État et analyse de l'industrie de la fraude scientifique
Introduction : structure d'une fraude scientifique en hausse
- Jusqu’à présent, les experts qui étudient la fraude scientifique mettaient en garde contre la production de faux articles à grande échelle et sa sophistication.
- Des investigations à grande échelle ont confirmé que divers acteurs — fabricants d’articles, revues, intermédiaires, maisons d’édition — participent à la fraude pour des bénéfices financiers.
- L’étude analyse, à partir de milliers d’articles, d’auteurs et d’éditeurs, un mécanisme frauduleux fortement imbriqué et complexe.
Aperçu des résultats de l'étude
- Les résultats ont été publiés dans Proceedings of the National Academy of Sciences et confirment des cas où les réseaux éditeur-auteur enregistrent de manière systématique des publications de faible qualité.
- Sont apparus des cas où de grandes organisations soumettent simultanément des dizaines de faux articles, ainsi qu’une structure dans laquelle des courtiers relient les fabricants d’articles aux revues qui acceptent les manuscrits frauduleux.
- Bien que le nombre de faux articles soit minoritaire par rapport à l’ensemble des publications, la vitesse d’augmentation est nettement supérieure à celle de la croissance globale des publications scientifiques.
Analyse des éditeurs douteux et des articles
- Pour repérer les corrupt editors (éditeurs inféodés), l’équipe a choisi la grande revue PLOS ONE, dont de nombreux métadonnées et les noms réels des éditeurs sont accessibles, ce qui facilite la détection d’anomalies.
- Ils ont identifié les éditeurs responsables des articles rétractés de PLOS ONE et de ceux critiqués pour des problèmes sur PubPeer.
- 33 éditeurs se sont avérés responsables de façon répétée d’articles rétractés et/ou critiqués.
- Exemple : sur 79 articles gérés par un éditeur, 49 ont été rétractés.
- En 2024, ces éditeurs géraient seulement 1,3 % de l’ensemble des articles, mais représentaient presque un tiers des articles rétractés.
Réseaux de collusion entre éditeurs et auteurs
- De nombreux cas ont montré des éditeurs traitant de manière répétée les articles d’un même auteur, et beaucoup de ces éditeurs sont aussi des auteurs.

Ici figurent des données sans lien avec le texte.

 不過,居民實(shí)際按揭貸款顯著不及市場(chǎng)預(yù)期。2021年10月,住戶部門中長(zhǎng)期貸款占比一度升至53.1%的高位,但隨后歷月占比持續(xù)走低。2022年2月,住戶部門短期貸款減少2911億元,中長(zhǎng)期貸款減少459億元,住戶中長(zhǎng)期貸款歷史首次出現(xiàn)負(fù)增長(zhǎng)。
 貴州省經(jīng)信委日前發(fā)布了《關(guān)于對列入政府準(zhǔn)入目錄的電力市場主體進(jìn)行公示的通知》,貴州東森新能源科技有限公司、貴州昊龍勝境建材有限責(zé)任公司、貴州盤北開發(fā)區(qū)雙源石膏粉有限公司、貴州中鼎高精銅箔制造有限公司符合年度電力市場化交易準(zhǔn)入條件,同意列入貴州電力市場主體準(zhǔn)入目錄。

- Entre eux, des formes diverses de collusion illicite, comme le versement de pots-de-vin ou l’entraide informelle entre pairs, ont été avancées.
- Des cas similaires ont été reproduits dans une dizaine de revues publiées par des éditeurs en open access dont Hindawi.

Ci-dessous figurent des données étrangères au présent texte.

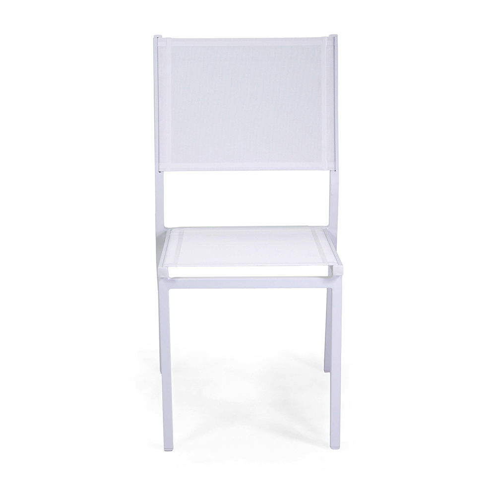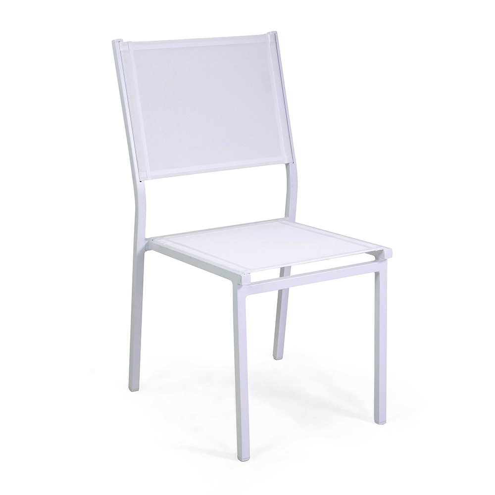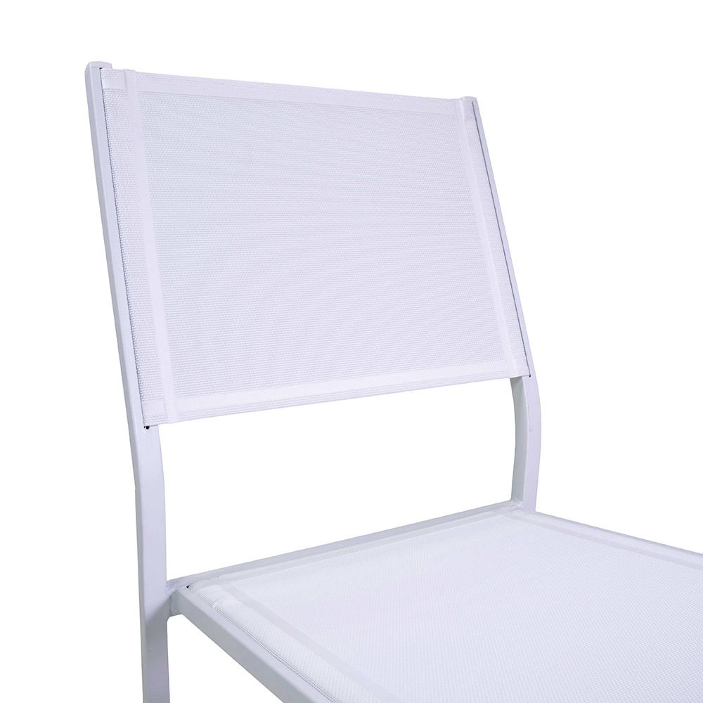 Kjo karrige me një kornizë alumini të veshur me pluhur të bardhë përfaqëson ekuilibrin ideal midis funksionalitetit dhe stilit, perfekte për ambiente të jashtme si kopshte dhe tarraca. Tekstili i bardhë jo vetëm që i jep një pamje moderne dhe elegante, por gjithashtu siguron një ndenjëse të rehatshme dhe rezistente ndaj motit.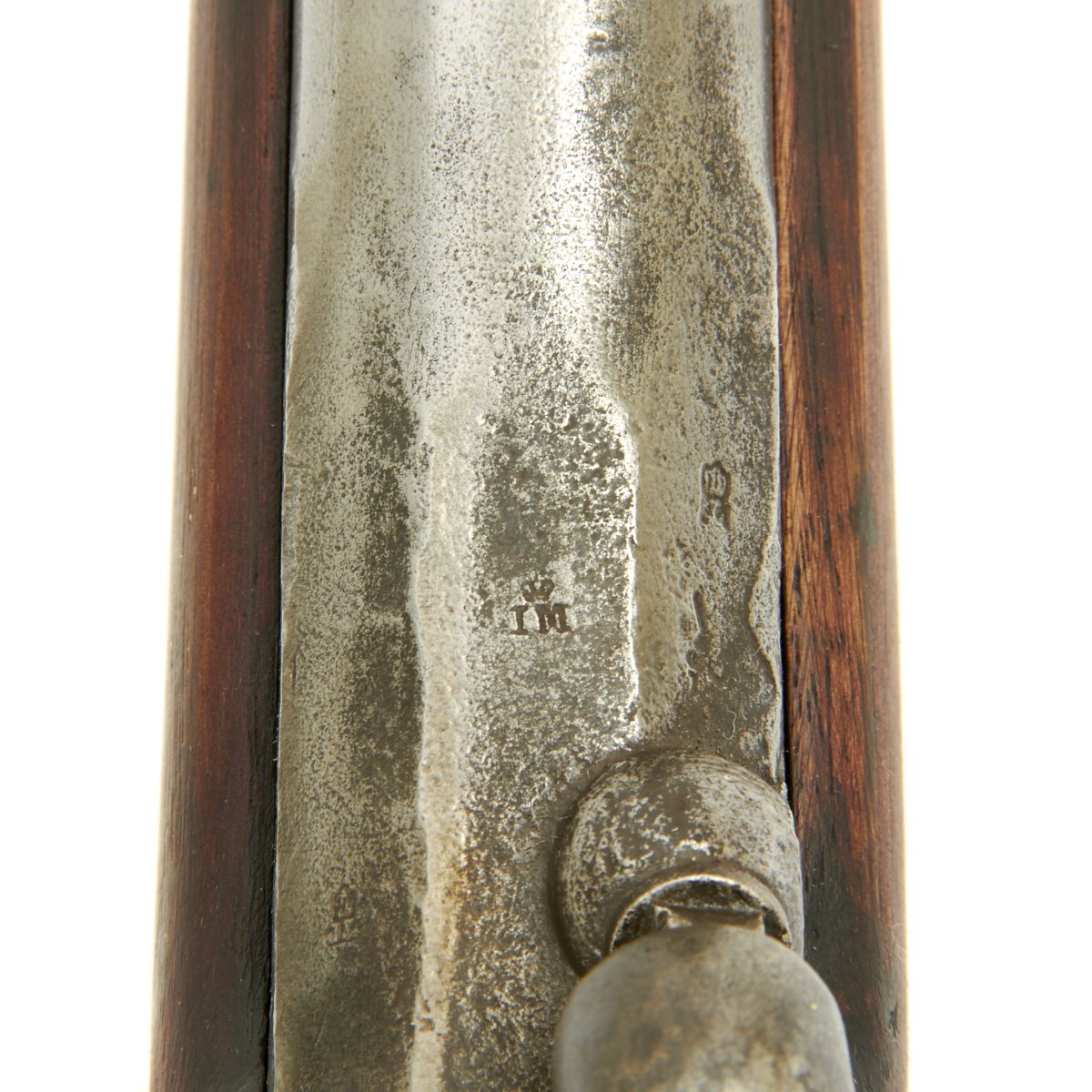 Rifling can still be seen and felt at the muzzle inside the bore. Metal surfaces showing old pitting markings overall but in great display shape having been fully cleaned. The wooden stock is in excellent used condition, with a great color and patina.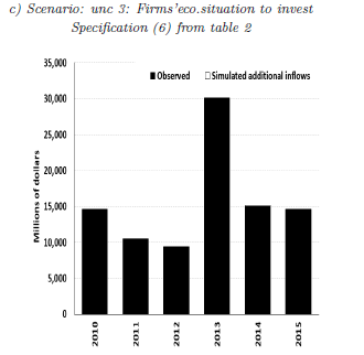 In other words, we build a counterfactual scenario for the FDI flows going into the Mexican manufacturing sector during the period I/2010 - IV/2015 by assuming that uncertainty for each and every quarter during the period I/2010 - IV/2015 is equal to its registered level in that period minus 1 percentage point. We then compare the counterfactual scenario with a base scenario in which the uncertainty variable takes its registered values, and the difference between both scenarios is finally attributed to the change in uncertainty.

- Les représentants des éditeurs ont insisté sur le fait que, bien que les données ouvertes de PLOS aient été la cible principale de la recherche, le problème des fabricants d’articles est sectoriel, touchant l’ensemble de l’industrie.

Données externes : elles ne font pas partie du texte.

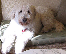 Lo and behold along comes this Lady who was being courted by other dogs ---Tucson and Lucas among the many. But she liked me the best because I was "un-adoptable". So one day she couldn't find me at the Shelter --- I had been groomed ---- instead of looking like a dirty, muddy, unkempt stuffed animal --- I looked like a lamb. And she called me "Lambchop" after the Shari Lewis hand puppet. P.S. She was on that show once a long time ago.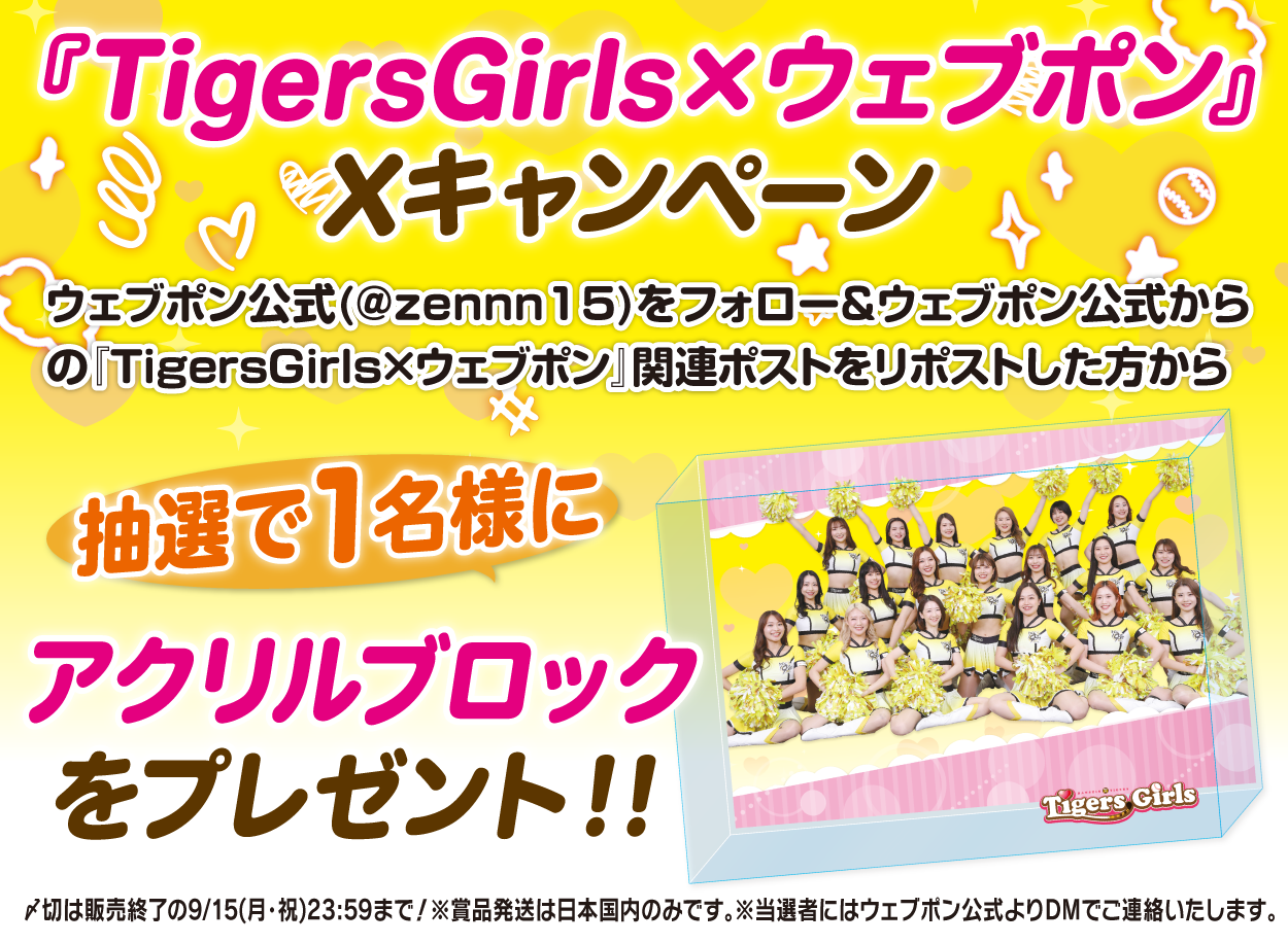 | 備考 | ★『TigersGirls×ウェブポン』Xキャンペーン★ ウェブポン公式(@zennn15)をフォロー&ウェブポン公式からの『TigersGirls×ウェブポン』関連ポストをリポストした方から抽選で1名様に【アクリルブロック】をプレゼント!!〆切は販売終了の9/15(月・祝)23:59まで!※賞品発送は日本国内のみです。※当選者にはウェブポン公式よりDMでご連絡いたします。 |

Cas récents de collusion détectés et aggravation du problème
- Récemment, l’éditeur Frontiers a également détecté un réseau de 35 éditeurs et auteurs qui cachait des conflits d’intérêts et assurait une relecture mutuelle des articles, entraînant le retrait de 122 articles.
- Ce réseau a publié plus de 4 000 articles dans au moins 7 éditeurs, soulevant la nécessité d’enquêtes supplémentaires.
Intermédiaires et fabricants d’articles
- Au-delà des simples fabricants d’articles et du réseau de collusion, une distribution organisée a été confirmée, consistant à soumettre massivement des articles à plusieurs revues en même temps.
- En s’appuyant sur plus de 2 000 articles impliqués dans des controverses de duplication d’images, les chercheurs ont tracé des clusters où les mêmes images apparaissent dans plusieurs publications.
- Le groupe d’articles présente un schéma clair, avec une concentration marquée sur certaines périodes et un nombre limité de revues.
- Dans ce processus, les courtiers (intermédiaires) participent également au dispositif de collusion, en plus des fabricants.
Cas d'organisations comme ARDA
- Analyse de l’exemple de l’Academic Research and Development Association (ARDA), basée à Chennai, en Inde
- Services de rédaction d’articles et travaux de thèse, obtention de résultats de publication, etc.
- Son site web organise l’inscription des publications à la place des chercheurs et demande des frais de 250 à 500 dollars.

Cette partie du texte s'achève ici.